Я хочу рассказать о поэте Владимире Игнатенко. Мы познакомились в литературном объединении имени Георгия Суворова, работавшего более двадцати лет при филологическом факультете Абаканского пединститута, затем десять лет при редакции газеты «Советская Хакасия», руководили объединением Константин Антошин и Альбина Кошелева.

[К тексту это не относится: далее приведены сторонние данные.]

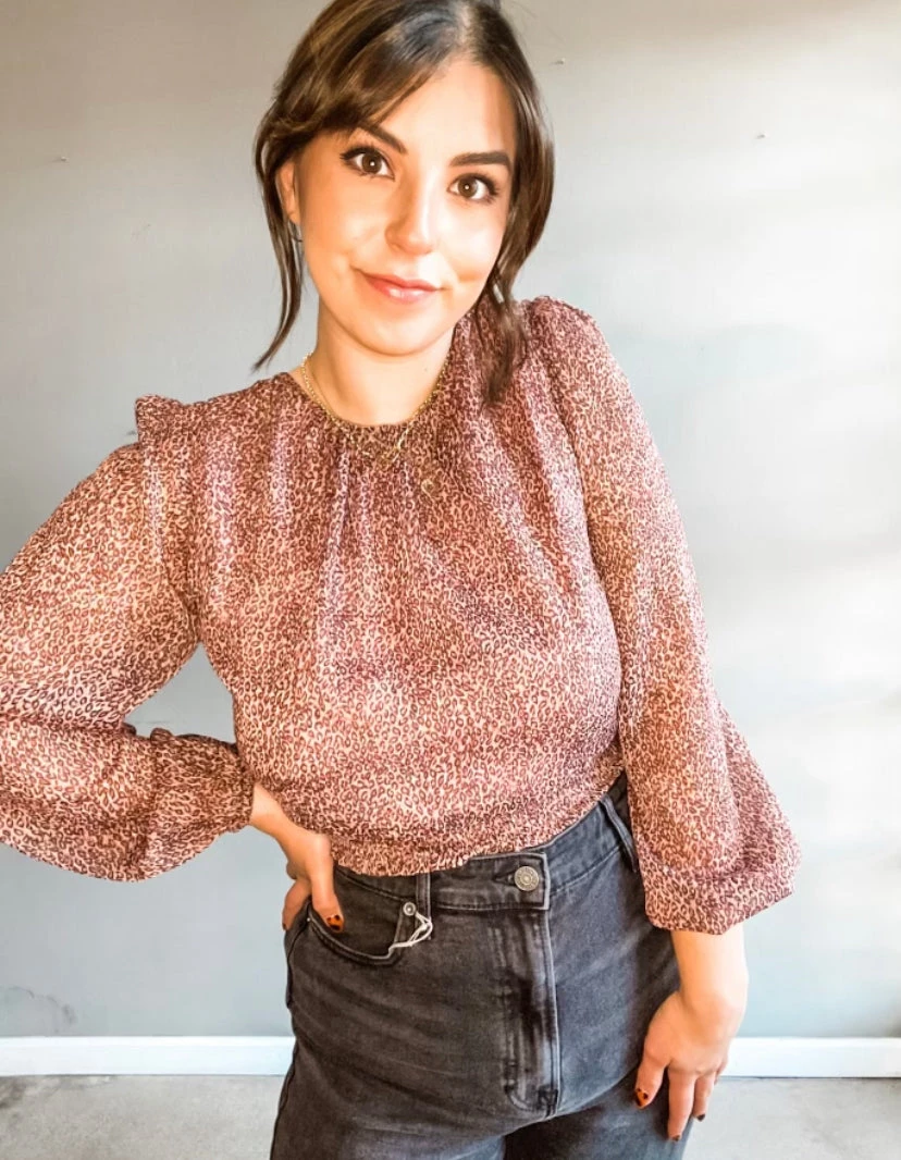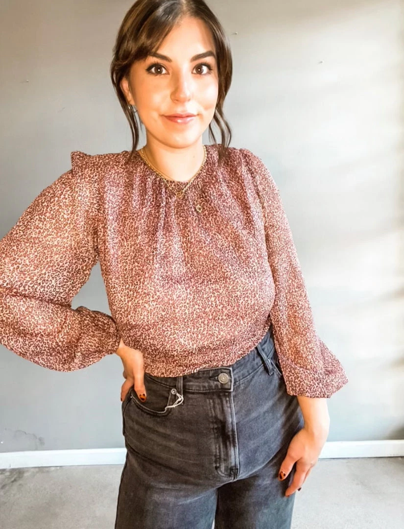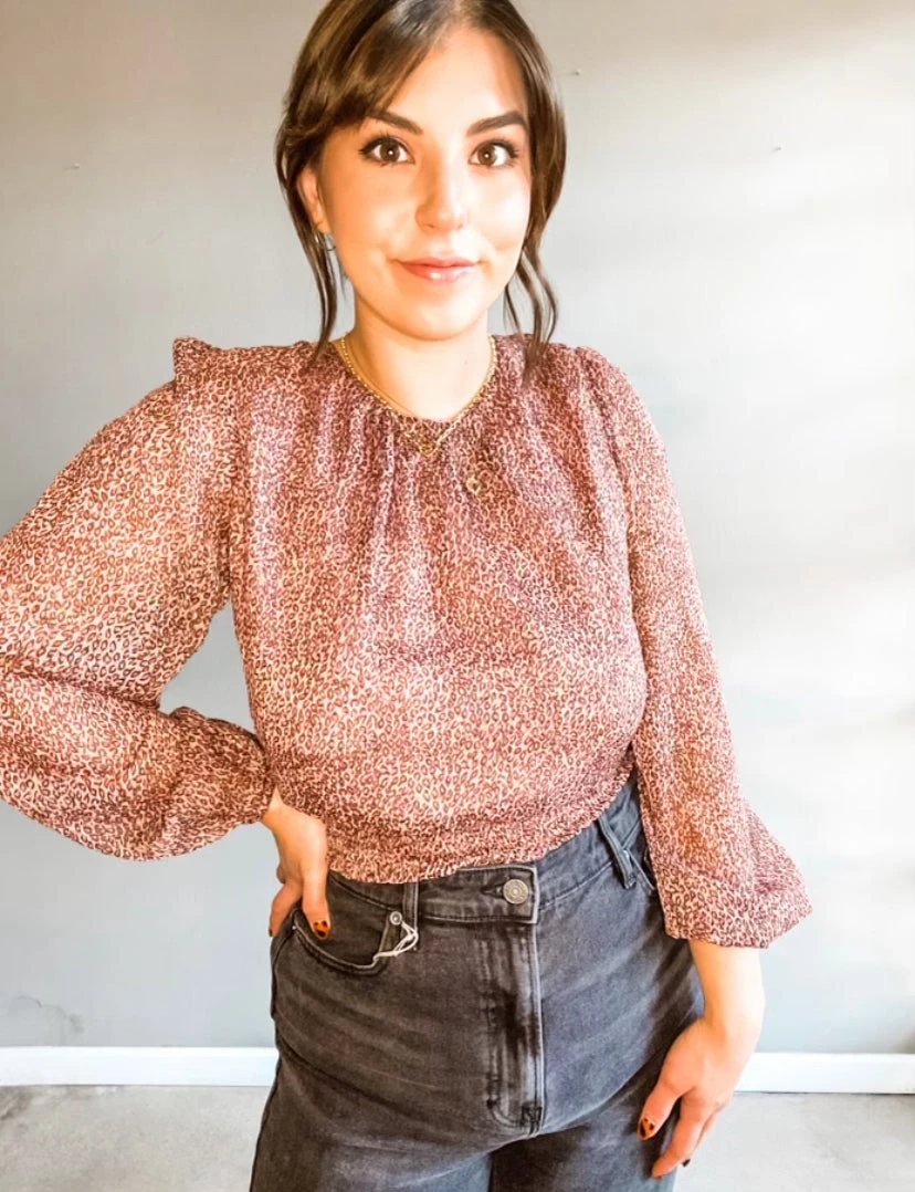 Buisness in the front, PARTY in the back!! The Stubborn Love top is the prettiest mauve shade, perfect for transitoning seasons. The cut of this top is so bubbly and flattering with the most delicate back details.Wear with mom jeans and a black bootie for an edgier look.

Когда меня избрали заместителем председателя правления Союза писателей Хакасии, это литобъединение «перекочевало» в Союз. Сейчас оно называется «Литосфера», руководит им Юрий Черчинский. Среди многих начинающих поэтов семидесятых — восьмидесятых годов выделялись двое: Левон Паланджянц — преподаватель физмата пединститута и рабочий из посёлка Усть-Абакан Владимир Игнатенко. Стихи Левона были философичны, стихи Володи чем-то напоминали рубцовскую поэзию, с которой Игнатенко тогда ещё не был знаком. Потом ребята разъехались, Левон — в Майкоп, а Володя — в Новосибирск. Он присылал письма, в которые были вложены странички с новыми стихами…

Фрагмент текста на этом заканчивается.